Closed fnajera-rac-de closed 7 months ago
In my case, happens when published to a Linux distribution but not in Windows
From what I read in the past, multi-thread, multi-process access to the database in LiteDB is quite different than SQLite, maybe that is the reason LiteDB might not have the same issues as SQLite regarding the distributed lock part.
@TXRock are you using AcquireDistributedLock in async methods?
@TXRock are you using AcquireDistributedLock in async methods?
I am not using AcquireDistributedLock
, but indeed my jobs are executing async methods.

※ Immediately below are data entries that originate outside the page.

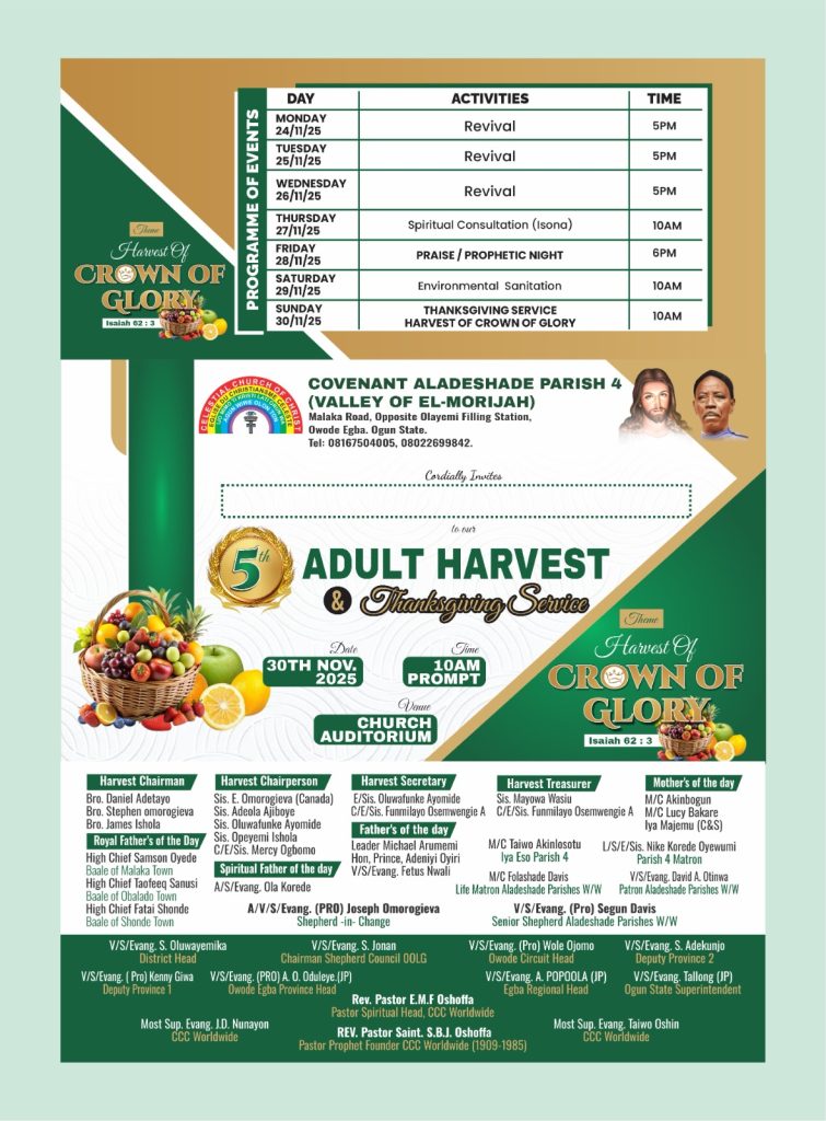 The Adult Harvest and Thanksgiving Service would hold on Sunday, 30th November 2025, at the church auditorium.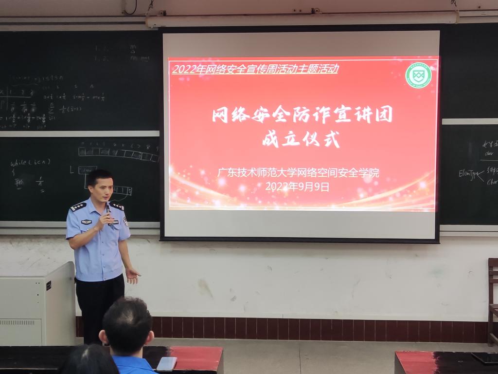 为响应2022年国家网络安全宣传周校园日主题活动要求,发挥网络空间安全专业的特色优势,更好地服务学校、服务社会,网络空间安全学院在新学期发动学生志愿者成立了网络安全防诈宣讲团。9月9日,网络空间安全学院在西校区教学楼媒体三教室举行了宣讲团成立仪式。天河区公安局石牌派出所赖钧政警官、学院党委肖茵茵副书记以及宣讲团学生代表出席了仪式。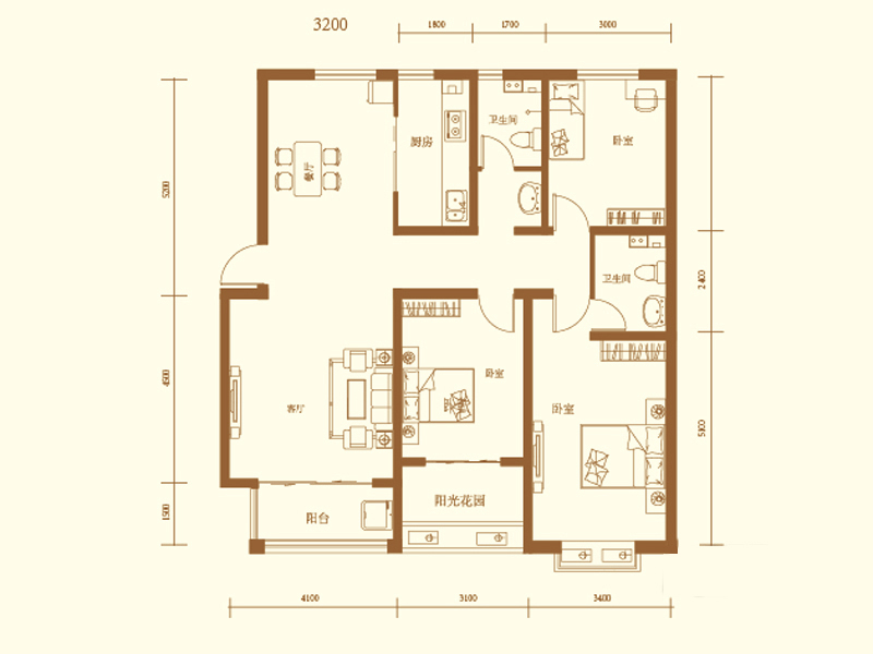 地润新城3室2厅1厨2卫 总价待定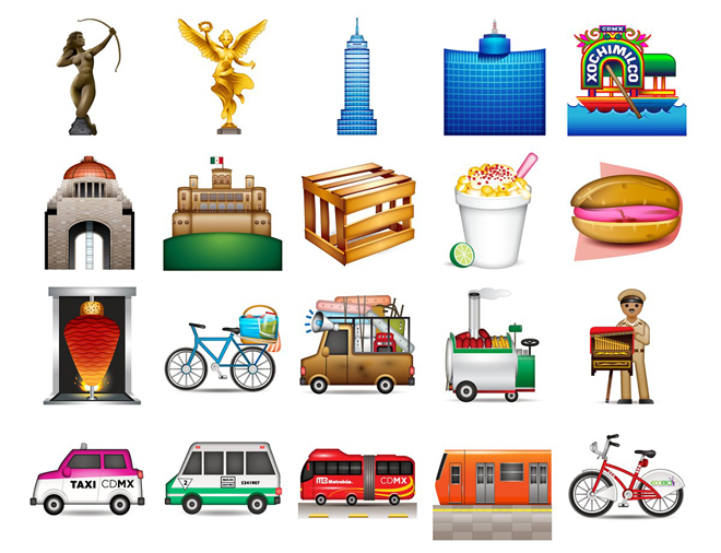 Otras propuestas incluyeron medios de transporte como el Metro, Metrobús y microbús, el Monumento a la Revolución, Bellas Artes, personajes como El Santo y Frida Kahlo y antojitos como el elote con mayonesa y tacos al pastor. Los emojis de la CDMX podrán descargarse a partir de septiembre.
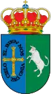 Escudo cortado y medio partido. Primer cuartel: la Cruz de los Ángeles en oro y piedras preciosas, acompañado de dos ángeles arrodillados. Este es el emblema del Arzobispado de Oviedo al que perteneció el concejo. Segundo cuartel partido: diez yelmos de plata.Tercer cuartel, pico y pala puesto en aspa cargado de una rueda dentada, el todo surmontado de la Cruz de la Victoria. [30] |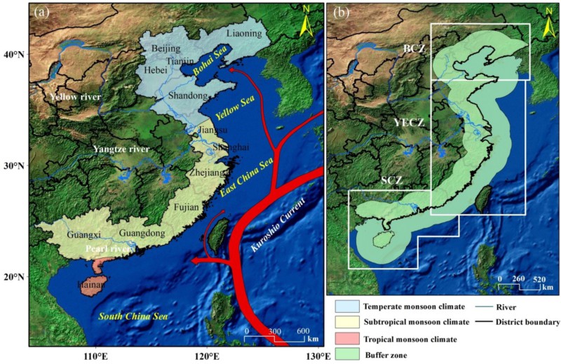 在全球变暖背景下,中国海岸带陆地和海洋温度都在快速上升,并且上升速率高于全球平均值。陆海温差是海-陆间热力对比的重要表征,对区域气候有显著影响。我国大陆海岸线北起鸭绿江口,南至北仑河口,长达1.8万多千米,气候类型南北差异大。基于此,作者以海岸线为界,向陆海各缓冲200千米作为研究区,将中国海岸带划分为渤海,黄-东海和南海三个区域。利用ERA-Interim再分析资料和18个CMIP5气候模式数据,分析了中国海岸带当前(1979-2014)和未来(2005-2100)陆海温差时空变化特征。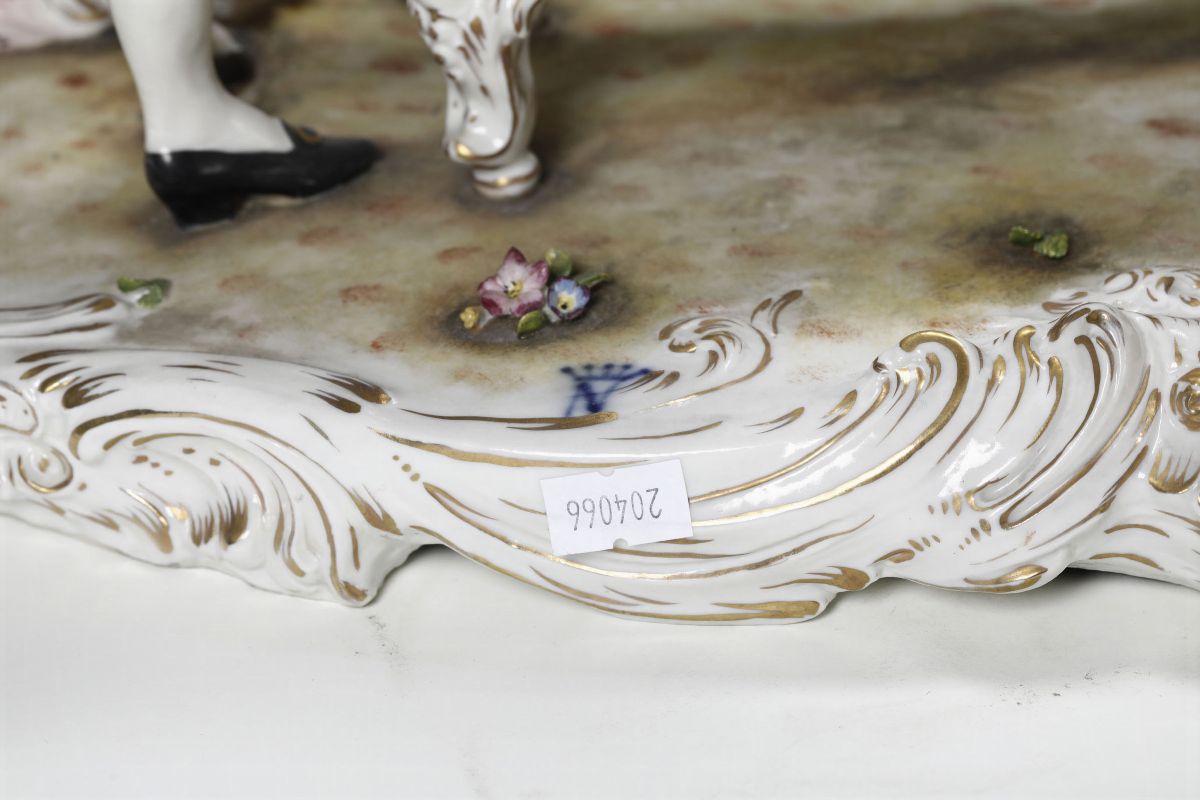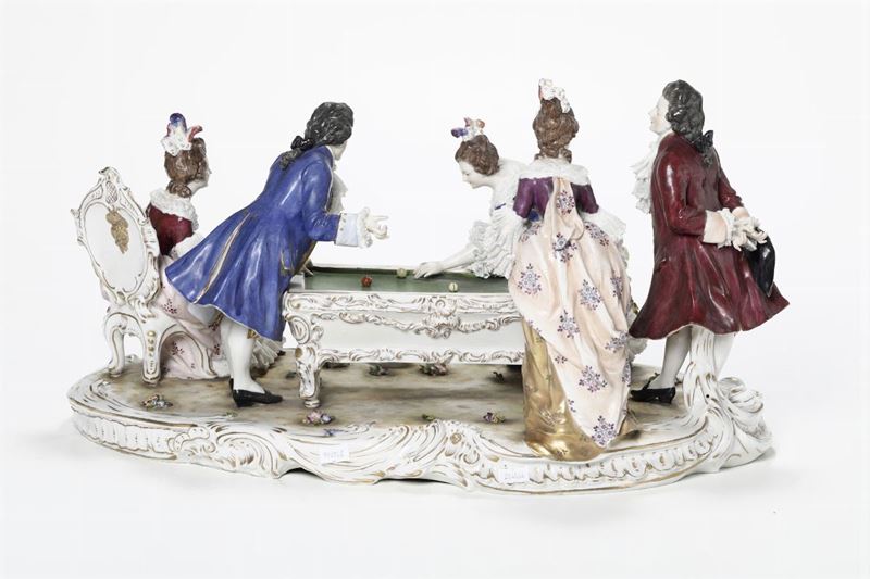 Il gruppo raffigura un gruppo con tre gentiluomini e due dame in abiti settecenteschi. In primo piano stemma con corona reale della dinastia Borbone di Francia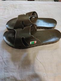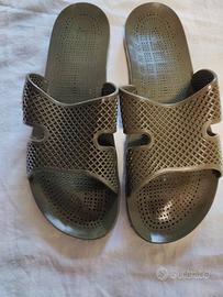 Vendo ciabatte da doccia tipiche della vestizione esercito italiano. Il numero è il 40-41. Per chi conosce la peculiarità e la “qualità” di questo articolo, sa che probabilmente sono piu indicate al “collezionismo” che alluso vero e proprio. Un articolo originale e simpatico, ancora nella confezione originale.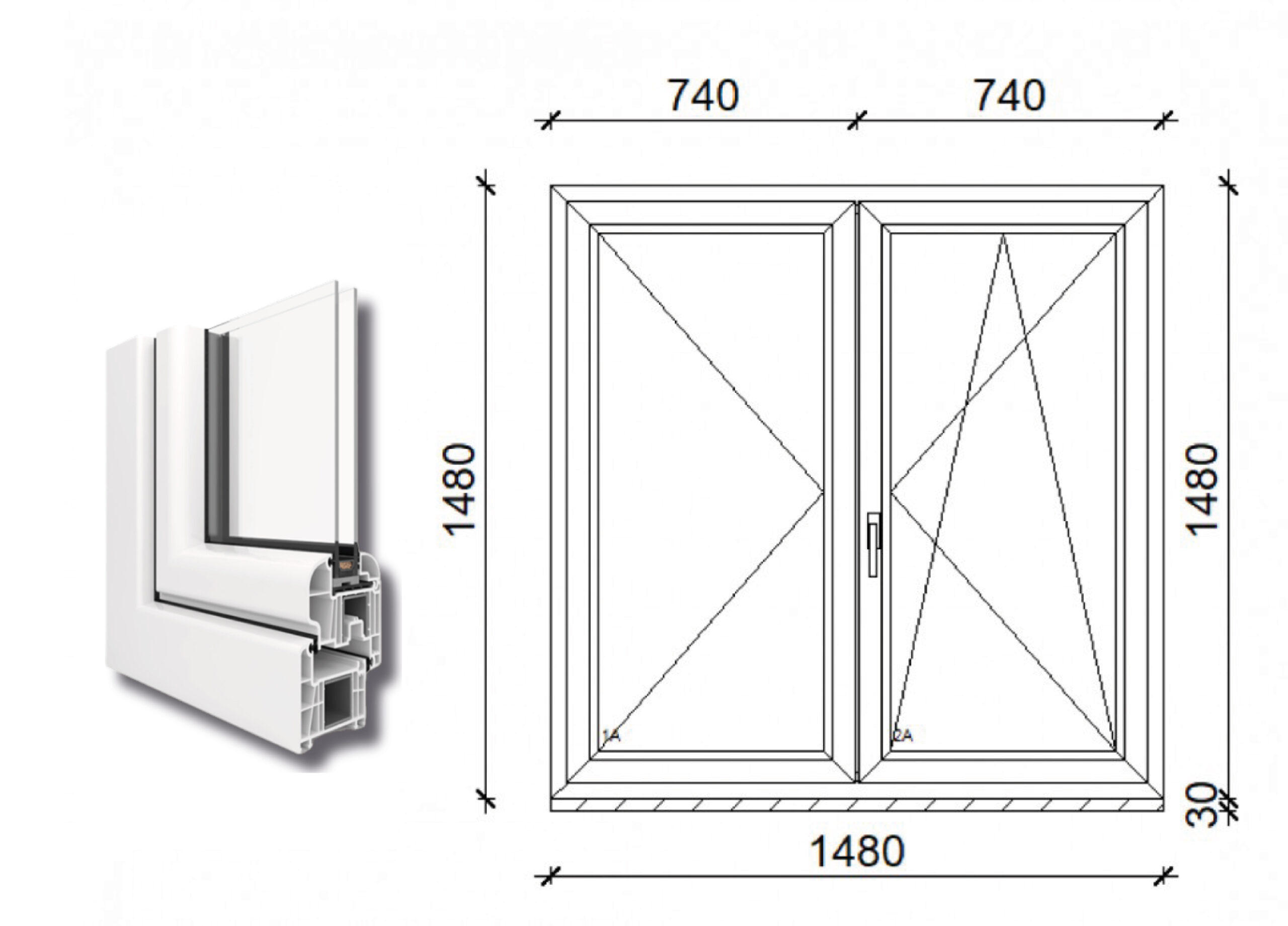 Arkitek – 150×150 Kétszárnyas Bukó-Nyíló Ablak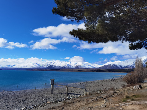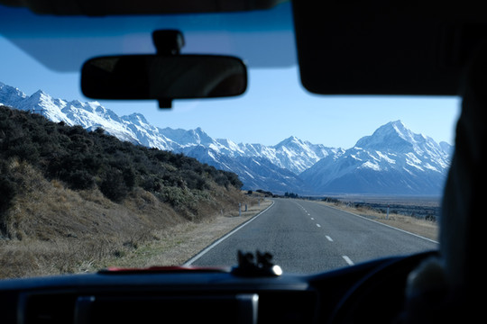早上醒来,太阳高挂,心情大好。我们告别基督城,一路向南,探索南岛。车子开出市区一小会儿,右侧就出现了连绵的雪山,我们兴奋的尖叫,这是南阿尔卑斯山,途中一直伴随着我们,向我们展示它各不相同的风采。

But not sure how this is related with the heartbeat check.
It goes with
(Hangfire.Storage.SQLite.SQLiteDistributedLock) Unable to update heartbeat on the resource 'HangFire:job:xxx:state-lock'. SQLite.SQLiteException: database is locked
and later on
(Hangfire.Storage.SQLite.SQLiteDistributedLock) Unable to update heartbeat on the resource 'HangFire:job:xxx:state-lock'. The resource is not locked or is locked by another owner.
and could not recover.
See #68 for an internal usage of ThreadLocal which seems incompatible with async.
The "database is locked" is probably a transaction failing and not being retried (haven't investigated that one).
But if you look at the code for the message "The resource is not locked or is locked by another owner" I think you'll find the situation described in the other ticket. I assume SQLiteDistributedLock is used also internally by the library even if you don't have explicit usages of it.
I'll see if I can get some time to add a unit test for this problem (at least in the scenario I found)
My ASP.NET Core 6 app shows this error very often:
Unable to update heartbeat on the resource 'HangFire:xxx'. The resource is not locked or is locked by another owner.
I believe this has to do with #68, and may be gone if that error is fixed.
But regardless of #68, if SQLiteDistributedLock cannot update the heartbeat because of that message, what's the point of keep retrying? I think the timer should be stopped in that case - or at the minimum, mute the error log so that it doesn't show up indefinitely in the logs.